Sunday, August 20, 2017

The End of Days

It wouldn't be right not to put a cap on this blog.  Mr. Miller passed from this life on June 4 2017. Without going into details that are personal and private, I will skim through the last couple years of his living while dying. 

This man was blessed with unfathomable hope, forward looking and thinking.  He had a strong belief in God, and that all things are possible. Whether or not I share that belief, I admired his strength and faith. 

Mr. Miller received a year of chemotherapy, it drove his PSA down. But a CT scan indicated a new tumor that was not of the Prostate Cancer family.  The cancer had evolved.  Disheartening.  But...Miller received radiation therapy, and that shrunk the tumor measurably. ( More hope)  After that he was switched to a different chemotherapy to see if that would control the new mass. It did not. But the mass remained stable.

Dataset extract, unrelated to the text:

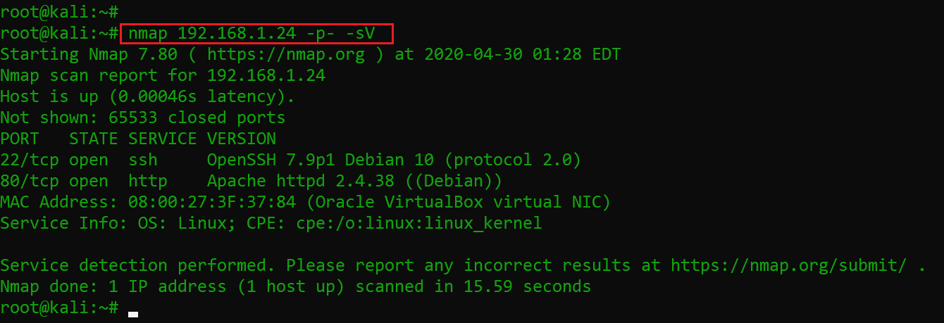 We can see that port 80 and port 22 are open on the target machine. These ports are being used for the HTTP and SSH services, respectively. The above scan also provides some further information about the target system configuration that may be useful for us in later stages.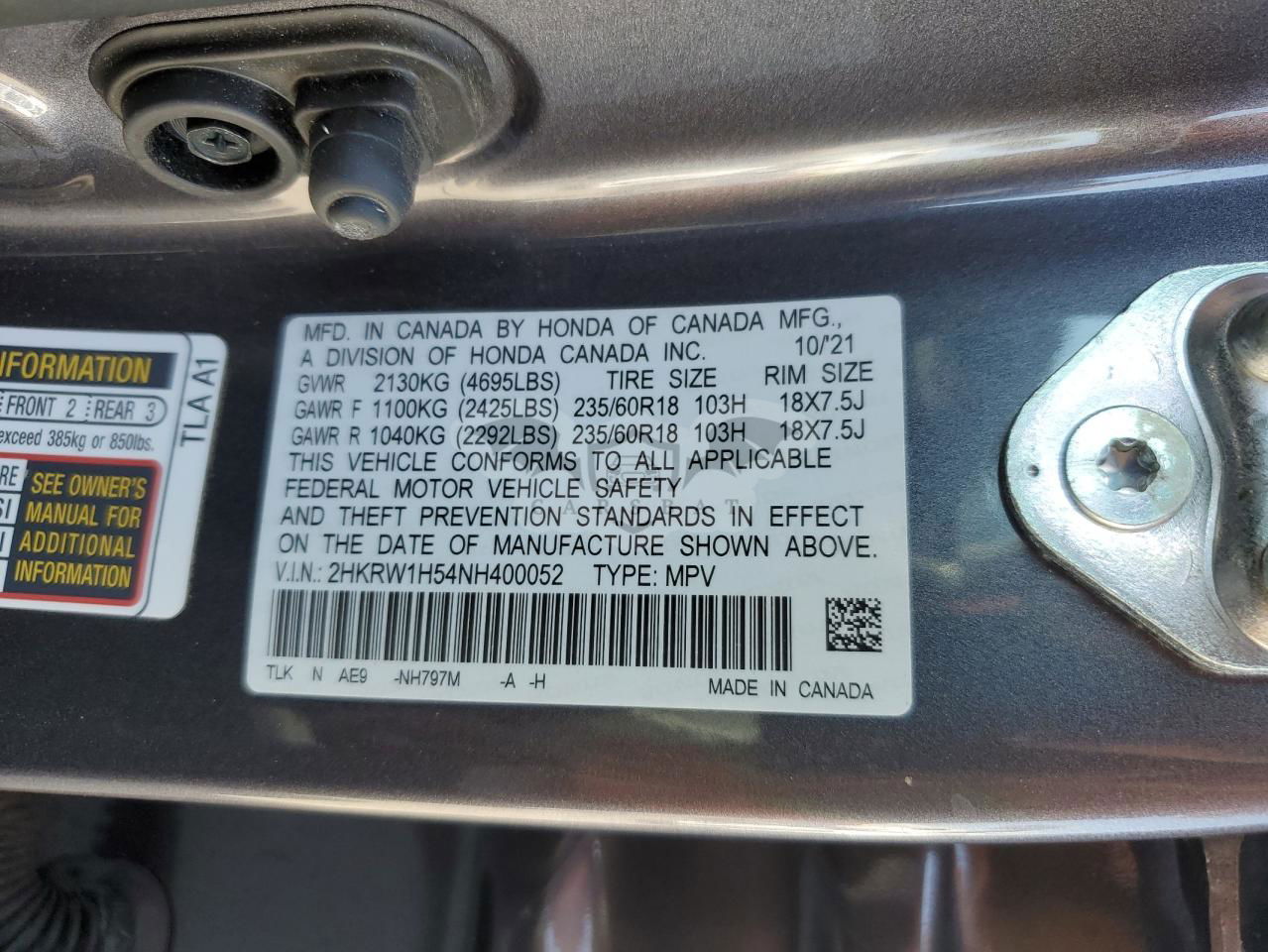 • VIN: 2HKRW1H54NH400052

What is amazing about Costa Rica and its medical care, is that the doctors here still REALLY CARE about their patients.  You can text, email, or WhatsApp them any time of day or night with a problem the patient is having, and an answer will come shortly. 

Although his Oncologist and I had different feelings about reinitiating chemotherapy near the end of his life, Miller wanted to try anything that might help him to live longer.  Death was looming by this time. The doctor's words were "I don't want to kill him with chemotherapy."  Reasonable, without a doubt.  My feelings were:  "I don't want him to die because of not having it."

Since the chemo didn't have any dire after-effects I pushed for treatment, and against his gut feelings, the doctor complied.  He did so, because that's what we wanted, because each person is an individual and responds differently to treatment, and "because I could be wrong" -- something NO doctor in the US would ever say out loud.

So treatment began again. Again, fatigue was the only side-effect.  I don't know if we did the right thing or the wrong thing, but Miller eventually ended in the hospital with another episode - of his several episodes - of pleural effusion. (he had been hospitalized several times with this)

He was now nearing the end of his life, a fact which had become clearly evident to everyone (except Miller!) He still planned on coming home, gaining some weight back, and helping me around the house again. That was never to be.

This is a Catholic country. Miller was not Catholic. I was Catholic in another lifetime.  So I called for the hospital's chaplain who happened to be a Priest. He anointed Miller, which I assume gave both of them peace. The next day Miller, tired of all the tubes going into him, said "Get these things off of me, I've suffered enough"  The doctor complied and removed the tube that gave him some extra caloric intake via glucose.  Miller went into a sleep-like state.  I thought it was the end.

Suddently he awoke, eyes wide open, a bit agitated-not like him at all- and said "I've got more work to do." I was taken aback. This was quite out of character for him. This was not speech which was even likely to come out of the mouth of the Miller I knew and loved.  He fell asleep.  For the last time.  I cherish the experience of being present at his death, his peaceful, calm, painless death. He had no physical pain during his ordeal, except for occasional back pain which could be controlled with Aleve. He was truly blessed in his dying experience.

I cherish the memories, of our time together, and the lessons learned, and those forgotten. I cherish our twenty years together. He will never know how much I learned from him. Nor how deeply I loved him, but I will know it forever. I know he is with me even today.